Workmen's Circle has been a major voice for preserving Yiddish language and culture in the United States. Its cultural and educational programs are organized on a local basis with the guidance of national departments. It is known for its adult lecture programs, its secular Jewish children's schools and camp programs, and its dramatic and choral organizations, all of which have been active for several decades.
Vigorous political involvement also has been characteristic of Workmen's Circle. Three generations ago, Workmen's Circle members were active in the Socialist Party battles against the Communist Party, in the opposition to territorial Zionism, and in the American trade union movement. Like much of the Jewish labor movement, Workmen's Circle moved away from the Socialist Party to support Roosevelt's New Deal policies, as well as the United States' entry into World War II. It worked actively against the rise of antiSemitism and fascism during the 1930s. It was a founder of the Jewish Labor Committee. Always known as the Red Cross of the labor movement, Workmen's Circle has joined many humanitarian relief efforts, and supported many Jewish charities outside its own circle.

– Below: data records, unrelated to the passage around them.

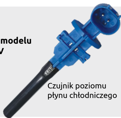
Czujnik poziomu płynu chłodniczego

W zależności od modelu zbiorniczka SKV w opakowaniu można znaleźć:
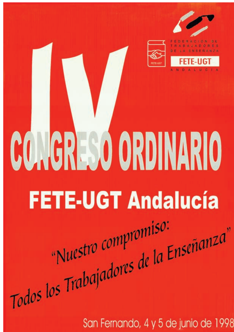
■ Cartel del IV Congreso de FETE-UGT Andalucía AHUGT-A CA1281
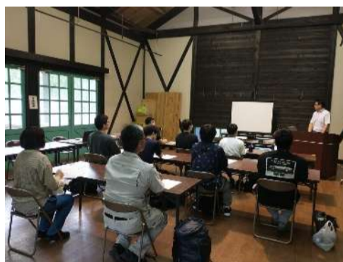
林業の基礎知識講習

林業の基本知識、林業体験、職場見学を行うとともに、個別の就職・生活相談を実施することで、林業に就職するために必要な知識や資格を身につけ、林業への円滑な就職を支援します。
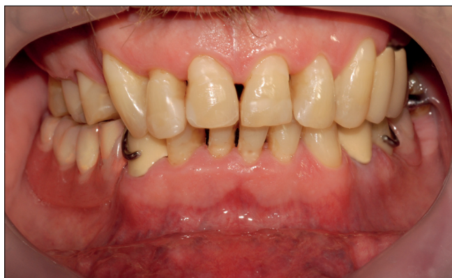
19. kép: Elkészült fogpótlások átadása.

Az esztétikai és funkcionális szempontokat megfelelően találtuk.
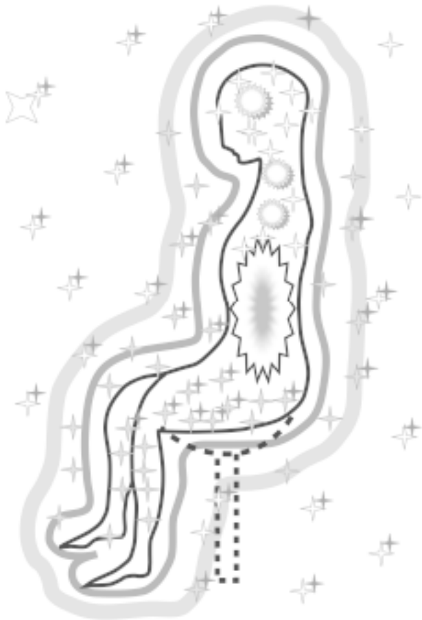
Рис. 1. Медитация «Внутренний алмаз» и «Энергетический кокон»
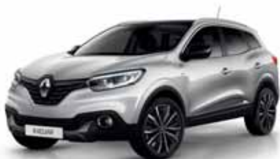
Platinasto siva (MB)
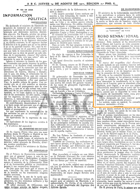
Robo sensacional. Página 6 del diario ABC del jueves 24 de agosto de 1911, dando cuenta del robo de La Gioconda

¿Cómo recibió y trató el asunto del robo de la obra de Leonardo la prensa española? Una vez se conoció lo ocurrido en París, la prensa internacional procedió a dar cuenta de los pormenores del robo, ofreciéndose una cobertura continuada desde la desaparición del cuadro hasta su regreso a París, pasando por el proceso judicial contra el ladrón Vincenzo Peruggia. Los periódicos españoles no fueron menos. De norte a sur, periódicos nacionales y locales, conservadores y liberales, semanarios ilustrados y revistas satíricas..., todo el medio periodístico prestó atención al robo de La Gioconda , haciendo partícipe a la población no solo del suceso, sino también de la propia obra y su historia, acercando así algo que pertenecía al
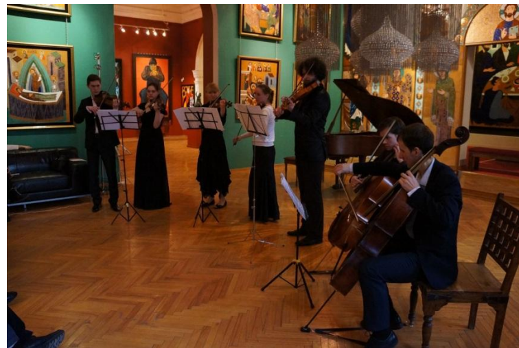
Галерея искусств З.Церетели
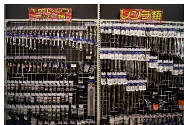
「豊富な専門工具類」
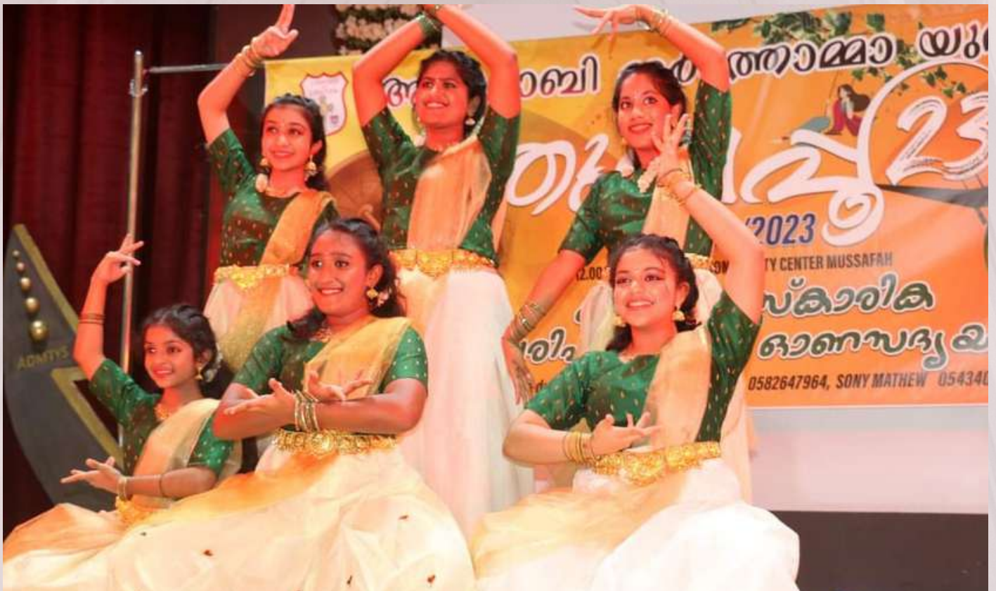
Our Children performing a fusion dance

Since the 1940s, the organization has been best known for its humanitarian interests, its political liberalism, and its commitment to Yiddish culture. The Holocaust and the maturing of an Englishspeaking American generation, one that has experienced greater affluence and cultural assimilation, created the need for a conservative cultural program, emphasizing the survival of the schools, the future of the Jewish Daily Forward, and the preservation of Yiddish language and literature. These circumstances also have resulted in political responses that the founding generations could not have expected. Through such activities as bond campaigns and cooperation with the Allied Jewish Appeal, Workmen's Circle has joined the mainstream of American Jewish support for the state of Israel. Many members have become supporters of Israel. Like its old allies, the garment workers' unions, Workmen's Circle has continued to look to the Democratic Party for national political leadership. It has recognized in the party's welfare state policies a commitment to many of the benefits it traditionally provided its members, and a responsiveness to human rights concerns like the repression of Soviet Jewry that are the focus of much of Workmen's Circle social justice activity today.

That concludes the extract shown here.